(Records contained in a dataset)
──────
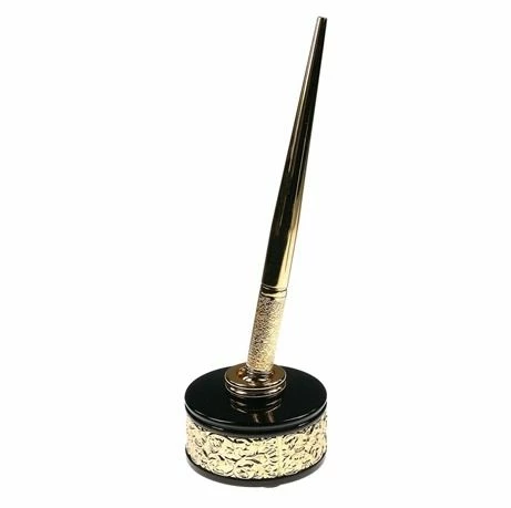 The side of the base is decorated with gold filigree. Black laquered top of metal base. Quite distinguished.Â
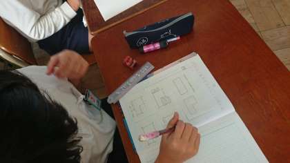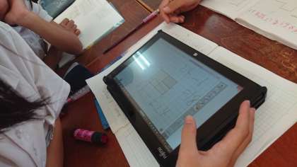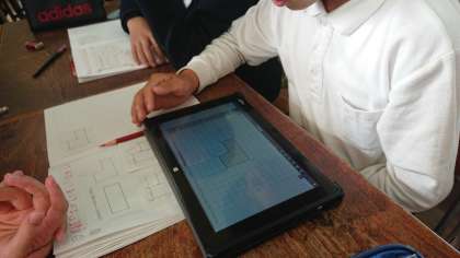 複合図形の面積の求め方を考えました。紙に考えを書き込んだり、デジタル教材を使って考えたりしました。その考えをタブレットを活用して発表しました。
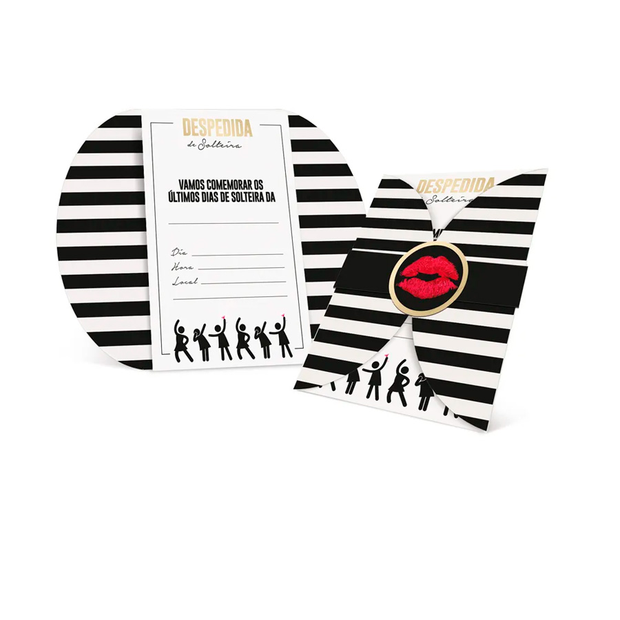 Confeccionados em papel cartão de alta qualidade, os convites ostentam um design temático e elegante, com cores vibrantes e estampas que remetem à alegria da celebração. A frase "Vamos comemorar os últimos dias de solteira da ....(espaço para indicar nome)" destaca-se no centro do convite, convidando as amigas da noiva para participarem dessa festa memorável. Os convites oferecem espaço para personalizar com os detalhes da festa, como dia, hora e local, garantindo que todas as informações importantes sejam facilmente encontradas pelas convidadas. Um fechamento de papel cartão listrado complementa o design do convite, adicionando um toque de charme e estilo. Já a cinta de papel cartão, com um beijo de batom destacado em um círculo no meio, é um detalhe divertido e original que simboliza a despedida da vida de solteira.
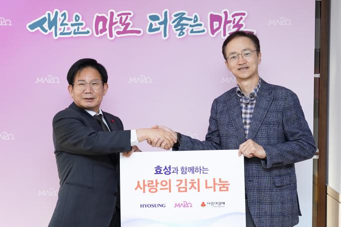효성 관계자는 "매년 김장 김치 외에도 마포구 주민들을 대상으로 사랑의 생필품 나눔, 사랑의 쌀 나눔 등 사회공헌 활동을 하고 있다"며 "앞으로도 취약계층을 위한 여러 활동들을 이어갈 것"이라고 말했다.
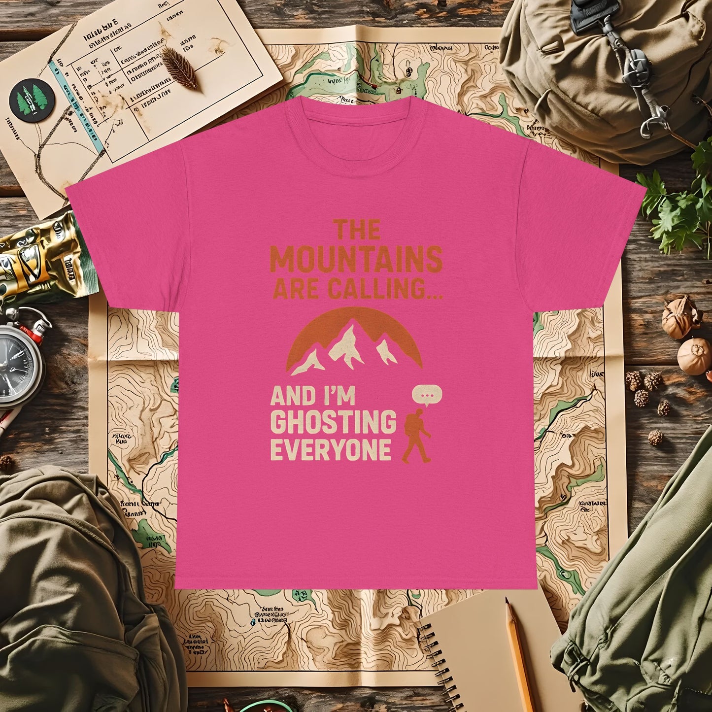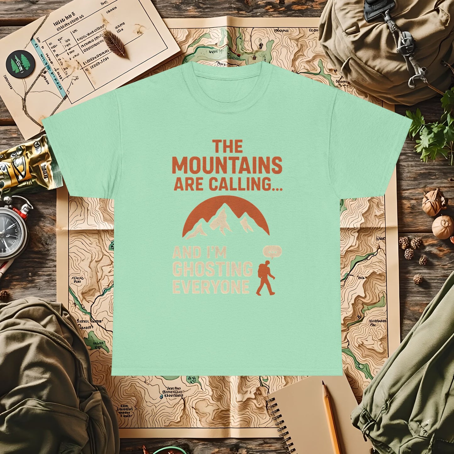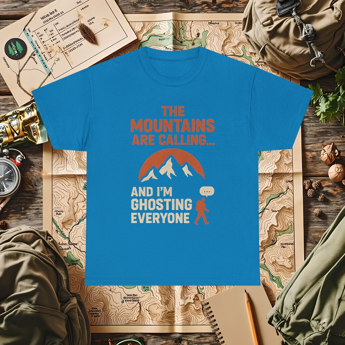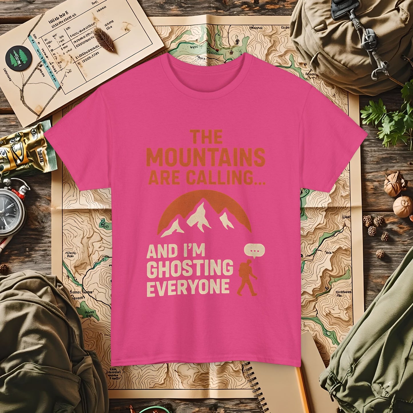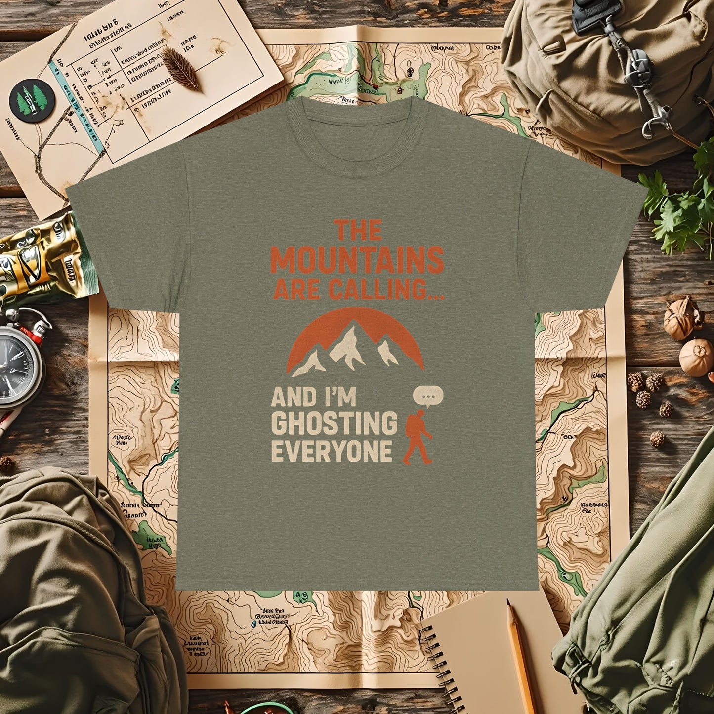 The Mountains Are Calling and I'm Ghosting Everyone – Ghosting for the Mountains Tee | Camping, Hiking, Rafting & Kayaking Tees for Nature Lovers
──────
▸ **Activity**:
Please give again the entries word for word, starting at the first line and ending with the line that contains "複合図形の面積の求め方を考え"; include both of those lines but none of the pictures.

▸ **Answer space**:
 The side of the base is decorated with gold filigree. Black laquered top of metal base. Quite distinguished.Â
 複合図形の面積の求め方を考えました。紙に考えを書き込んだり、デジタル教材を使って考えたりしました。その考えをタブレットを活用して発表しました。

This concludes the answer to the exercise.